Жизнь всякого, кто станет
Подле ведьминой могилы
Прежней не будет —
К ней примешается капелька зла.
Так ты согни от дуба прутик,
Приготовь рябины хворост,
Разломай берёзы веточку,
Сосну почившей положи, —

прошептала она и замолчала. Навсегда.
— Viitu! — громко выругался Артери. «Один… я снова один… И какой мне смысл жить теперь? Для кого?» — из красных от недельного недосыпа глаз покатилась слеза, — «Жизнь всякого, кто станет подле ведьминой могилы прежней не будет», — лихорадочно думал он, — «значит, нужно сделать могилу как можно дальше от людей. Я пройду сколько смогу, и похороню её как можно дальше. Это и будет моей целью. Пока что», — на ходу определился он. После чего вернулся к плащу и снова отправился в мир снов.

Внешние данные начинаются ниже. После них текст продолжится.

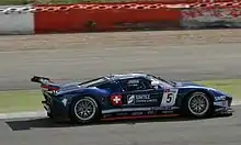 After leaving Formula One, Grosjean became involved in sportscar racing. In March 2010, Grosjean secured a drive in the inaugural FIA GT1 World Championship, driving a Ford GT1 for the Matech Competition team alongside German driver Thomas Mutsch.[19] The pairing won the opening Championship Race of the season in Abu Dhabi and added a second victory at Brno in May to lead the standings after the first three rounds of the season.[20]
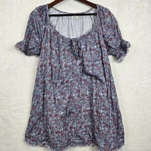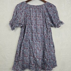 Natural Life Sienna XS/S 100% Cotton Gauze Mini Dress Blue Floral Print Keyhole
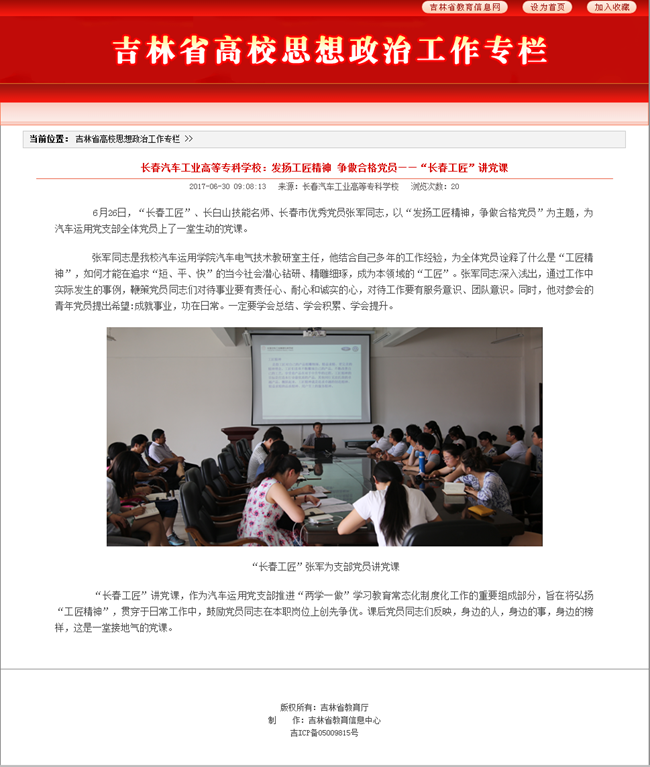 吉林省高校思想政治工作专栏——长春汽车工业高等专科学校:发扬工匠精神 争做合格党员——“长春工匠”讲党课
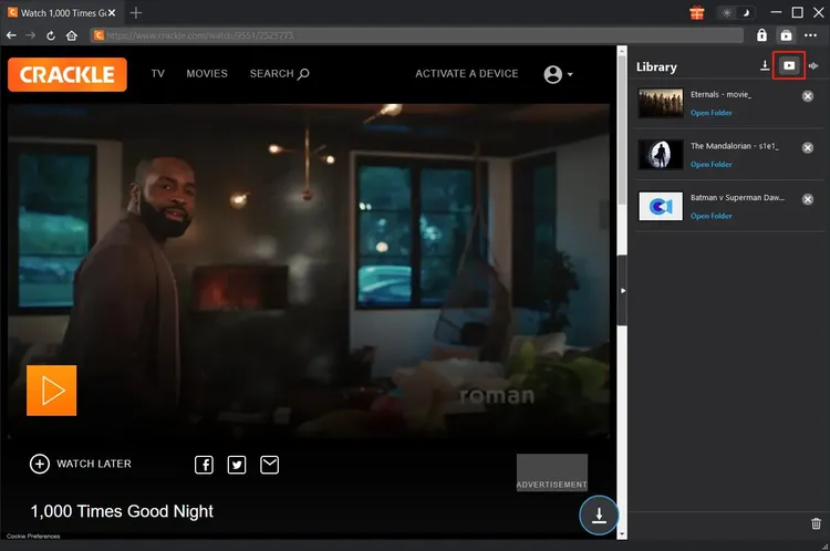 Once you have entered the playback page of target Crackle movie/TV show, click the download icon
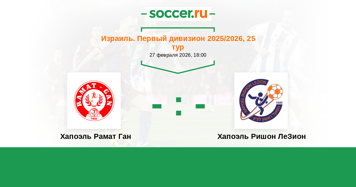 Израиль. Первый дивизион 26.02.2016 Хапоэль Ришон ЛеЗион Логотип футбольный клуб Хапоэль Ришон ЛеЗион 1:1 Логотип футбольный клуб Хапоэль Рамат Ган Хапоэль Рамат Ган
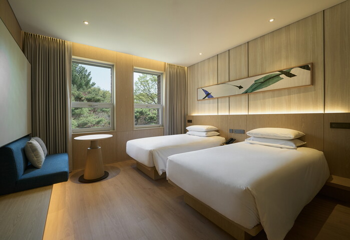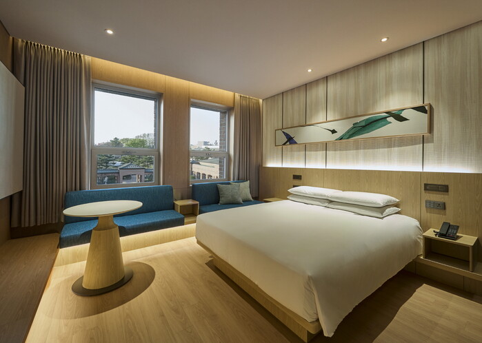 스탠다드 객실 대상으로 진행된 리노베이션은, 은은한 분위기를 풍기는 우드톤에 그린 컬러로 포인트를 줘 오래 머물러도 편안함을 느낄 수 있는 현대적인 인테리어로 객실을 꾸몄다.
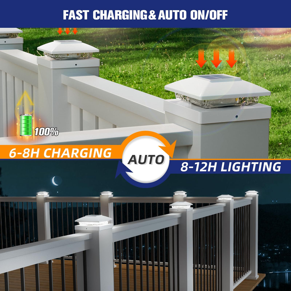Q: How long do the solar post cap lights stay illuminated?A: The high-efficiency solar panel charges the lights during the day and provides up to 12 hours of continuous illumination at night, ensuring your outdoor spaces remain lit after sunset.
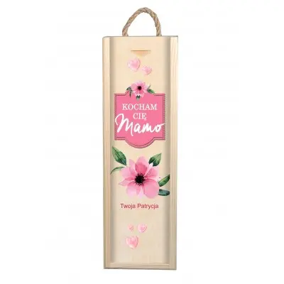 Szukasz pomysłu na wyjątkowy prezent na dzień matki lub na inną wyjątkową okazję? Drewniana skrzynka to indywidualny i niepowtarzalny upominek, który z pewnością ucieszy Twoją mamę. Dzięki personalizacji, prezent nabierze oryginalnego charakteru i będzie wyjątkową pamiątką na lata. Może przydać się nie tylko do przechowywania alkoholu, ale także na trzymanie w niej innych przedmiotów i drobiazgów. Zawiera nadruk w różowej kolorystyce z napisem „Kocham Cię mamo” oraz grafiką kwiatów.

  На следующий день он перевязал отрезанными от плаща кусками ткани раны, обработав их нужными травами и не только для скорейшего выздоровления — подорожником, хвойной смолой, корой ивы, раздробленной с пчелиным воском и медом — повезло наткнуться на улей диких пчел. Через день, еще немного передохнув, Артери отправился на юг. Он шел долго — всю осень и половину зимы. Наконец, без сил упал на снег. Он пытался подняться, матерился, щипал, бил себя. Но встать не выходило. Тогда он просто подполз к мертвой ведьме, почитаемой им вместо матери, и остаток своей жизни он смотрел на её сухое, покрытое морщинами от старости лицо.
  Весной на месте его смерти взошла ель, но сколько времени не проходило, она все равно оставалась маленькой, относительно других, в два роста взрослого человека.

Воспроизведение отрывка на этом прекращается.